Task objective:
Give back each entry unchanged, minus pictures.

- - - - -

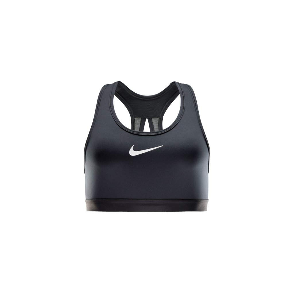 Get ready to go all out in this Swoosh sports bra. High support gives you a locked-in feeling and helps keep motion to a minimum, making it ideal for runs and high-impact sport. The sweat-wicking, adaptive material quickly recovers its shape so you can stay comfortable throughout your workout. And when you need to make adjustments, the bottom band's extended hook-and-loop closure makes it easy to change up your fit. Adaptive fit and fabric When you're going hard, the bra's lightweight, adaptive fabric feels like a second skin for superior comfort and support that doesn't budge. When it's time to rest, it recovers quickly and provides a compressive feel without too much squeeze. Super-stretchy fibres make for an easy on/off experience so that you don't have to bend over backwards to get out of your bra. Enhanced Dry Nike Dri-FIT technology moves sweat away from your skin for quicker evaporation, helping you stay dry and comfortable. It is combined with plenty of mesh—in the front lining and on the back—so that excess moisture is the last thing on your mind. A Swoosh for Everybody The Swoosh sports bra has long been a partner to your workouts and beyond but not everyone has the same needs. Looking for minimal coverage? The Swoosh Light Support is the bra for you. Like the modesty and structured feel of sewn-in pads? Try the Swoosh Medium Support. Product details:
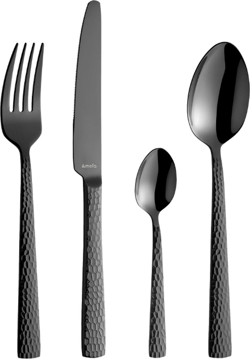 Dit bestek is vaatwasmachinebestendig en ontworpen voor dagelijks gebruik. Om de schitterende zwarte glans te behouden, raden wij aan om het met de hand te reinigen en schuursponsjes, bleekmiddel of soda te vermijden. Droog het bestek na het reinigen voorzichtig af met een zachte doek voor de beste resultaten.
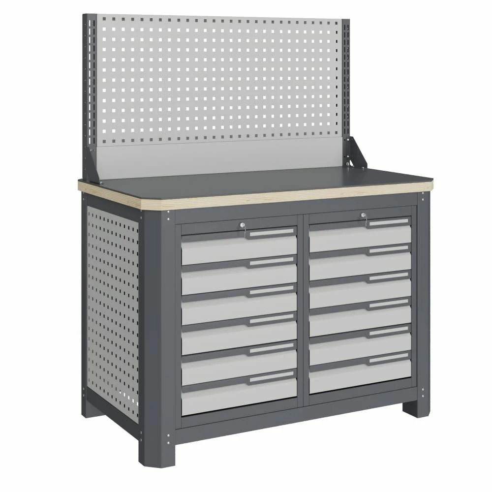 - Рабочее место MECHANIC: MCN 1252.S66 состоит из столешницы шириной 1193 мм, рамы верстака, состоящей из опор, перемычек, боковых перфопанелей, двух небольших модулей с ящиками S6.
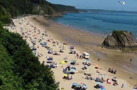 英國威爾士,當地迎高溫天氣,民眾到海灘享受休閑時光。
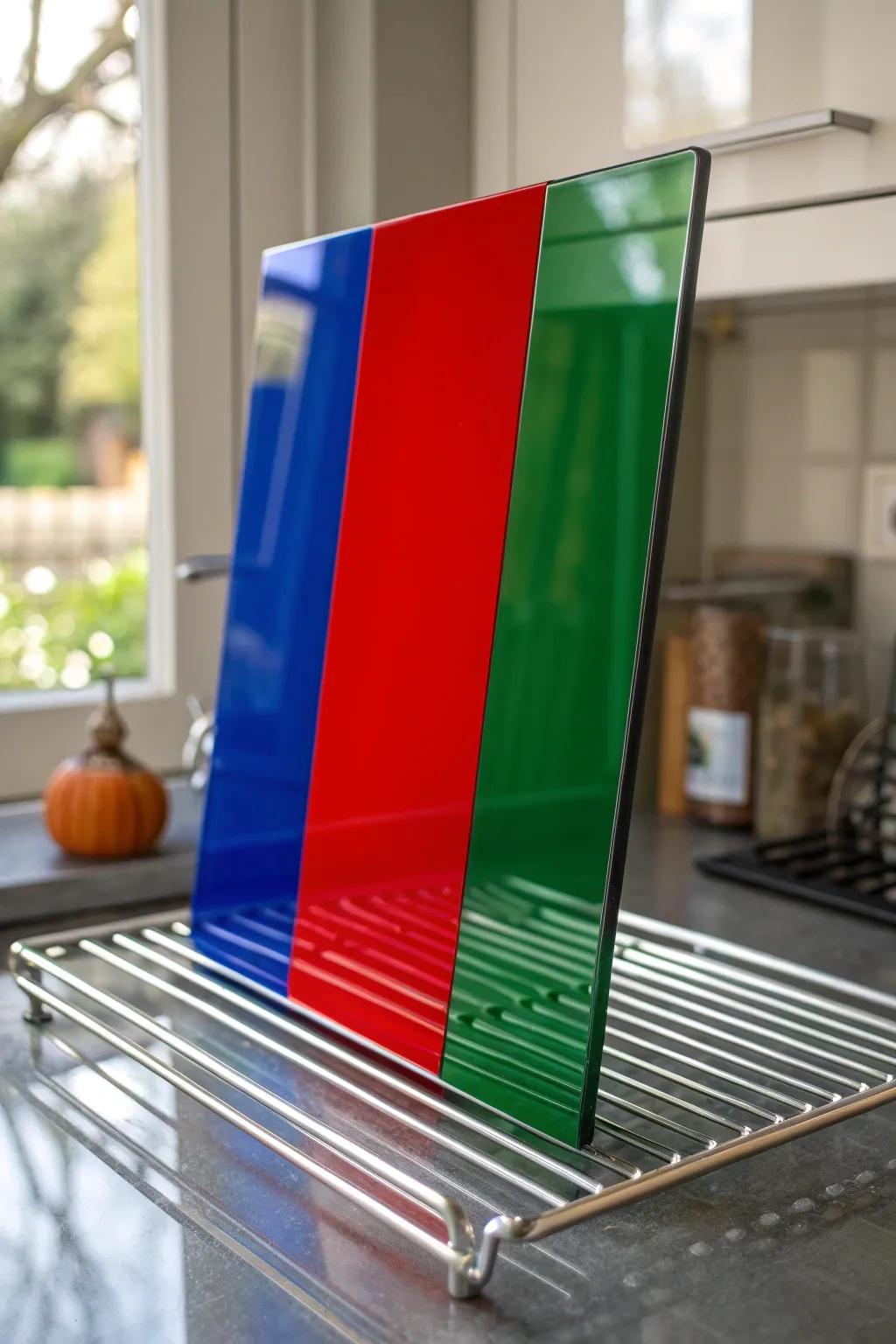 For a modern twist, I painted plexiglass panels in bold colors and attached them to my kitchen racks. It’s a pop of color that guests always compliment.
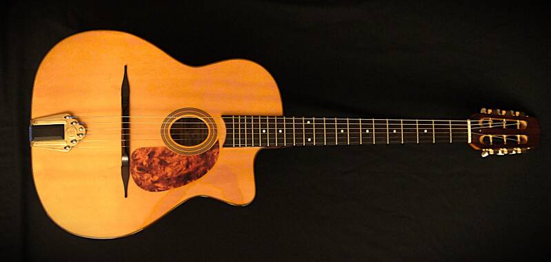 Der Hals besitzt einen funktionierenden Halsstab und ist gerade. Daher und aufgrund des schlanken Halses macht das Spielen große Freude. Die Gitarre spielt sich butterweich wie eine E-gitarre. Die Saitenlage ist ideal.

- - - - -

Task result:
 Get ready to go all out in this Swoosh sports bra. High support gives you a locked-in feeling and helps keep motion to a minimum, making it ideal for runs and high-impact sport. The sweat-wicking, adaptive material quickly recovers its shape so you can stay comfortable throughout your workout. And when you need to make adjustments, the bottom band's extended hook-and-loop closure makes it easy to change up your fit. Adaptive fit and fabric When you're going hard, the bra's lightweight, adaptive fabric feels like a second skin for superior comfort and support that doesn't budge. When it's time to rest, it recovers quickly and provides a compressive feel without too much squeeze. Super-stretchy fibres make for an easy on/off experience so that you don't have to bend over backwards to get out of your bra. Enhanced Dry Nike Dri-FIT technology moves sweat away from your skin for quicker evaporation, helping you stay dry and comfortable. It is combined with plenty of mesh—in the front lining and on the back—so that excess moisture is the last thing on your mind. A Swoosh for Everybody The Swoosh sports bra has long been a partner to your workouts and beyond but not everyone has the same needs. Looking for minimal coverage? The Swoosh Light Support is the bra for you. Like the modesty and structured feel of sewn-in pads? Try the Swoosh Medium Support. Product details:
 Dit bestek is vaatwasmachinebestendig en ontworpen voor dagelijks gebruik. Om de schitterende zwarte glans te behouden, raden wij aan om het met de hand te reinigen en schuursponsjes, bleekmiddel of soda te vermijden. Droog het bestek na het reinigen voorzichtig af met een zachte doek voor de beste resultaten.
 - Рабочее место MECHANIC: MCN 1252.S66 состоит из столешницы шириной 1193 мм, рамы верстака, состоящей из опор, перемычек, боковых перфопанелей, двух небольших модулей с ящиками S6.
 英國威爾士,當地迎高溫天氣,民眾到海灘享受休閑時光。
 For a modern twist, I painted plexiglass panels in bold colors and attached them to my kitchen racks. It’s a pop of color that guests always compliment.
 Der Hals besitzt einen funktionierenden Halsstab und ist gerade. Daher und aufgrund des schlanken Halses macht das Spielen große Freude. Die Gitarre spielt sich butterweich wie eine E-gitarre. Die Saitenlage ist ideal.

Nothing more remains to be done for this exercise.